RJD2: The Main Ingredient

Columbus, Ohio’s RJD2 first earned a name for himself with 2002’s Dead Ringer, an engaging and creative instrumental hip-hop album that quickly garnered massive critical acclaim and put him in the upper echelon of the genre. After numerous side projects and remixes, he recently released Since We Last Spoke, a wildly eclectic album that focuses […]

Columbus, Ohio’s RJD2 first earned a name for himself

with 2002’s Dead Ringer, an engaging and creative instrumental hip-hop

album that quickly garnered massive critical acclaim and put him in the upper

echelon of the genre.

After numerous side projects and remixes, he

recently released Since We Last Spoke, a wildly eclectic album that focuses

as much on his songwriting abilities as on his beat-making ones.

Like his beats, RJ’s speech takes multiple ideas

and lays them all down at once, with many more sentences started than finished.

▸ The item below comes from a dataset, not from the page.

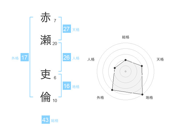 赤瀬 吏倫さんを姓名の画数から五運を鑑定
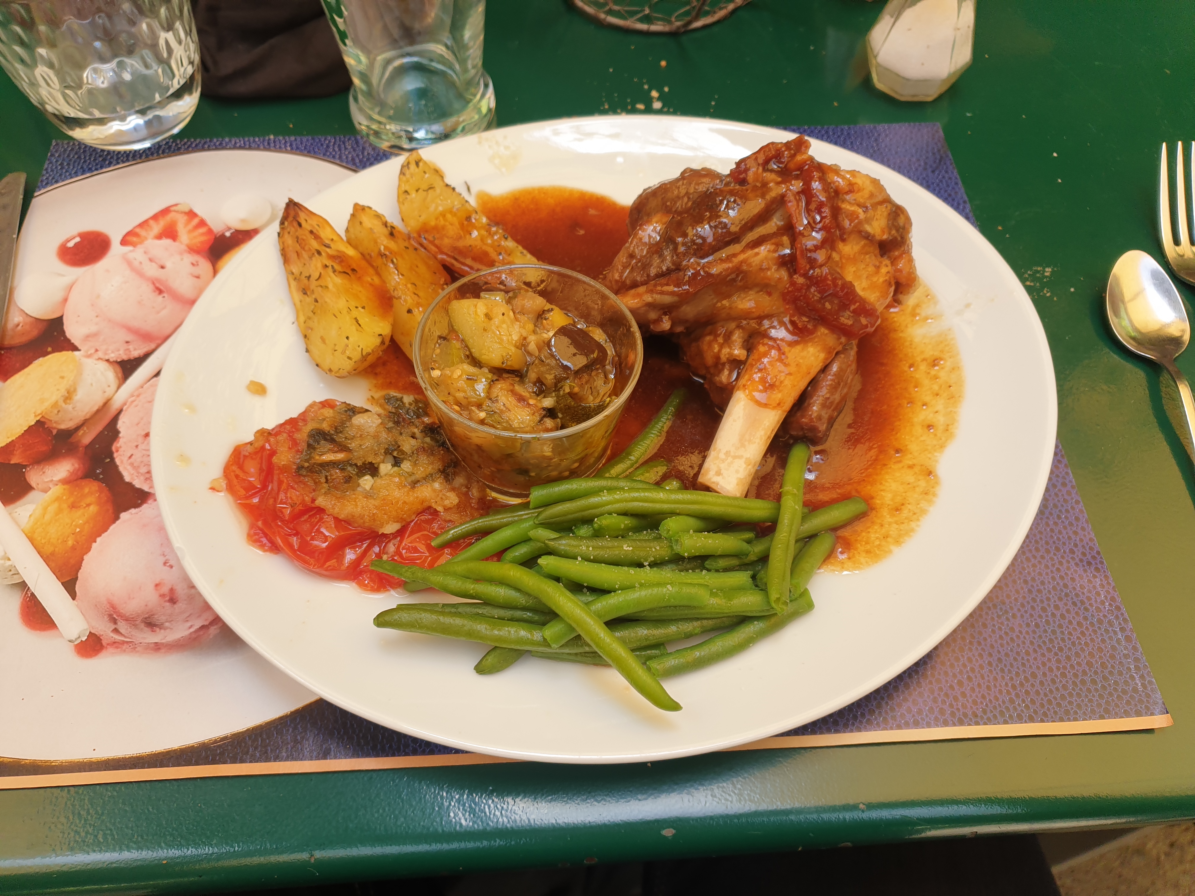 Plat Souris d’agneau et andouillette Dessert baba au rhum maison Manger sous la tonnelle au milieu des plantes ,un cadre idyllique. À recommander.

Allhiphop.com was one of the first media outlets to buzz in RJ, so we had to

see how our boy was kicking.

AllHipHop.com: When Dead Ringer came out,

you said you wanted your next album to be more cohesive. Did this goal change

while you were making Since We Last Spoke and if not, do you feel you’ve

accomplished this?

RJD2: Personally, I feel like it’s a cohesive

piece, but it might be a little bit schizophrenic for the listener. If you were

listen to the most quiet moment on the record and then the loudest song on the

record, it might not make any sense, and I didn’t realize that going into the

record. To me it’s cohesive because other than this one vocal performance, everything

else I did, so for me this is kinda a selfish record, ya know?

AllHipHop.com: Was it a conscious decision to

put more of an emphasis on songwriting on this one?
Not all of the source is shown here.